Before Molly could even begin to understand what being an actor must be like and why anyone would want to live that way, the elevator doors opened. She and Nell walked out into an open area with people lined up at a windows marked ACTOR'S CREDIT UNION on one side of the room, and a counter marked MEMBERSHIP on the other. Behind the counter informally dressed people sat at desks, typing and filing. It looked like an insurance agency.

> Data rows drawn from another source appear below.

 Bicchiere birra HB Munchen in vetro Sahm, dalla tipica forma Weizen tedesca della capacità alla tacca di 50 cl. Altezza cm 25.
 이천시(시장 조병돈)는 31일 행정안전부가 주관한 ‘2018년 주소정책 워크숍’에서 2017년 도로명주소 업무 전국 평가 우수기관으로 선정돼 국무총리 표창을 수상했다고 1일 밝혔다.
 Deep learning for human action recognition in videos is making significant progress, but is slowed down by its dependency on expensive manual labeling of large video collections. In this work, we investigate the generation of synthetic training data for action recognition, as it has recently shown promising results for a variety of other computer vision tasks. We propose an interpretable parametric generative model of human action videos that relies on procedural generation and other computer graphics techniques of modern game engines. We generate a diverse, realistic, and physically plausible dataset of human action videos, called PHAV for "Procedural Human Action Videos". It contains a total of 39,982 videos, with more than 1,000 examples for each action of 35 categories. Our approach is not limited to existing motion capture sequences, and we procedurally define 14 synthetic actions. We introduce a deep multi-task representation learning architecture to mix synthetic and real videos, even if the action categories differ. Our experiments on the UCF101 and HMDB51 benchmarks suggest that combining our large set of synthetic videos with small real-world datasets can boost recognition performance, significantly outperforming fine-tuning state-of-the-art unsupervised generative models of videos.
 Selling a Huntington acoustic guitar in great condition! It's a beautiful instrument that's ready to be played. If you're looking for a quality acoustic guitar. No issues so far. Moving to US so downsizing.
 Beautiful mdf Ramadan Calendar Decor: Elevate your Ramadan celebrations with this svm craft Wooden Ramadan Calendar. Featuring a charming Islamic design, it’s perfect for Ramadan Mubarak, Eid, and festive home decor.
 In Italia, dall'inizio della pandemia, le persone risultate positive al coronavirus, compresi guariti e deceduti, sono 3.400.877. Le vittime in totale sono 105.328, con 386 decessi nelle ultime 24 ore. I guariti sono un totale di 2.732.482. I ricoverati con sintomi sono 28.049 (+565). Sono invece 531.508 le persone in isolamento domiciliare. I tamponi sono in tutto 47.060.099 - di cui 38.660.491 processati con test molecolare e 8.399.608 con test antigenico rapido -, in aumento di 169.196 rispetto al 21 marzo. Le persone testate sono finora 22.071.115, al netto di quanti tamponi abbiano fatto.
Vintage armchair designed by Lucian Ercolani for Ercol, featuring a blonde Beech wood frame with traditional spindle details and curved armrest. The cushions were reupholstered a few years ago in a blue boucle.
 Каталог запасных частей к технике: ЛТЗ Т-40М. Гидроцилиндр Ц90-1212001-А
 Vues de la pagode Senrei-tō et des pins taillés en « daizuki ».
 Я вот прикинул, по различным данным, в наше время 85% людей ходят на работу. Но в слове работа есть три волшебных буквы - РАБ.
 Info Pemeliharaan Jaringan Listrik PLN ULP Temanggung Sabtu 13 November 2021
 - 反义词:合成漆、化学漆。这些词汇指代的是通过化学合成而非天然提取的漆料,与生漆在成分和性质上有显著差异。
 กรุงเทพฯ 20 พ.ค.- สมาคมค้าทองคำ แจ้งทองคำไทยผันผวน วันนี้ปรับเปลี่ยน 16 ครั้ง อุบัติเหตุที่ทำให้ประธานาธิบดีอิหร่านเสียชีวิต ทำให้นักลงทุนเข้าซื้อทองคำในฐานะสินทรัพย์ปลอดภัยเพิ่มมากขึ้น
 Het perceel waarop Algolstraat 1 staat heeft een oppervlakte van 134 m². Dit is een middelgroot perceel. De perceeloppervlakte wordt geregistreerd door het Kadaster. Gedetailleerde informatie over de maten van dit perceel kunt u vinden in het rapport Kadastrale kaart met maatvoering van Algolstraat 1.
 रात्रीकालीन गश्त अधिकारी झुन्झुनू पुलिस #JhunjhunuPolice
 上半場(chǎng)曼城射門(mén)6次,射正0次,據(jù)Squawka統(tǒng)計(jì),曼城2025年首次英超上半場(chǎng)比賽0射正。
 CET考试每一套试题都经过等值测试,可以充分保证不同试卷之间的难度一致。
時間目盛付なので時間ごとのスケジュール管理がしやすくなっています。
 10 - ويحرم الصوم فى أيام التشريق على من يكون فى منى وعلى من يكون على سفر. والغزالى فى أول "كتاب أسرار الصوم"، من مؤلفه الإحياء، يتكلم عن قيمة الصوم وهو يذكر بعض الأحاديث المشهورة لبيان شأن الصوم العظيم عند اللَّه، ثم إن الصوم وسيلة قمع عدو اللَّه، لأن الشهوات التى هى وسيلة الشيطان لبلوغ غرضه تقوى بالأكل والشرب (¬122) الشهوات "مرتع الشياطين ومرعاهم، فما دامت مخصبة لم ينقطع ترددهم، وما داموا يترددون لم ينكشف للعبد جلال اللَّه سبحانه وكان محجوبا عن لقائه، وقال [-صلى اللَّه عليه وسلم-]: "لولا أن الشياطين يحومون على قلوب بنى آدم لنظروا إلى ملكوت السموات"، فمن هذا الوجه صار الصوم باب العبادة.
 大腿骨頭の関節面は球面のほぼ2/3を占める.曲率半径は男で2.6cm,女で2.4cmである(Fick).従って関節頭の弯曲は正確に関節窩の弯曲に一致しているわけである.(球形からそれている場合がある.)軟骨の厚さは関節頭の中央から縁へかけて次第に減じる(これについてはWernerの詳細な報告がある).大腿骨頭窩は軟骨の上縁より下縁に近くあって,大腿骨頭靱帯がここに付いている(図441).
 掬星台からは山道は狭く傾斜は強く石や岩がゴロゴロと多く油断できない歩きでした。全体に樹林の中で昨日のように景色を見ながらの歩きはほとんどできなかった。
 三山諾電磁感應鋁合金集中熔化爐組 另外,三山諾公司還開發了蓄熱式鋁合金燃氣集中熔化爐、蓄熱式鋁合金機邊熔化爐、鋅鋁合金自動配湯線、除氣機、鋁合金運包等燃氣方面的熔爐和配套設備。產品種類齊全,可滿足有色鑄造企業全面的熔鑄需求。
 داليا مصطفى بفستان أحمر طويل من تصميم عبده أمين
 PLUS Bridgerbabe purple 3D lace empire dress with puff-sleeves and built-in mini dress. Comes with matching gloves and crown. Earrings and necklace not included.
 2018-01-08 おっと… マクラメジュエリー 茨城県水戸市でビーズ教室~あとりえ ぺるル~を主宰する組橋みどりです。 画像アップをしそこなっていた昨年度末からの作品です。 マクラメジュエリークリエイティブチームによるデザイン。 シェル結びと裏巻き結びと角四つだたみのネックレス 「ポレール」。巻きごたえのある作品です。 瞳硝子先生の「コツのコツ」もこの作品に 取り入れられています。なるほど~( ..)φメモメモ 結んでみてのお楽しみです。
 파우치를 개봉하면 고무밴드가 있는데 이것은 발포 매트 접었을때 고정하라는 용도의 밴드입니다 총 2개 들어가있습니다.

Marveling at the strange new world she had landed in, Molly took her place in the short line with Nell beside her. After a few minutes they found themselves facing a pleasant, compact young man.
“Can I help ya?” he said in the deese-dem-and-dose dialect of New York.
He wore shiny pants that might have come from Kmart and had none of the sparkle of the people downstairs. Why was Molly surprised? Had she expected out-of-work actors to be staffing the membership office? Unions were businesses. They probably paid minimum wage and specifically avoided performers as being bad employment risks.
“My grandparents acted in Broadway plays years ago,” said Molly. “I'm wondering if you might still have some information about them.”
“You a member?”
“No, but as I said, my grandparents performed on Broadway, so I imagine they were.”
Molly spelled Jellinek. The clerk poked a computer terminal in front of him, then shook his head.
“Sorry, we don't got no Jellineks registered with Equity.”
“Maybe not now,” said Molly. “This would have been almost fifty years ago.”
“Well, then there's your problem. The computer don't go back before about nineteen eighty.”
“What about records from before that? Where are they?”
“Yeah, people ax that sometimes, but we don't really need that kinda stuff. They're stored away, I don't even know where.”
After a few more questions it was painfully apparent that the priorities of a union were a lot different than a library's. If Molly had been looking for a steamfitter or plumber who had once worked in New York, how much luck would she have had at those unions?
And even if Equity's old records could be found, the only information that had been recorded was the agent's name and a local address, not where they had come from originally.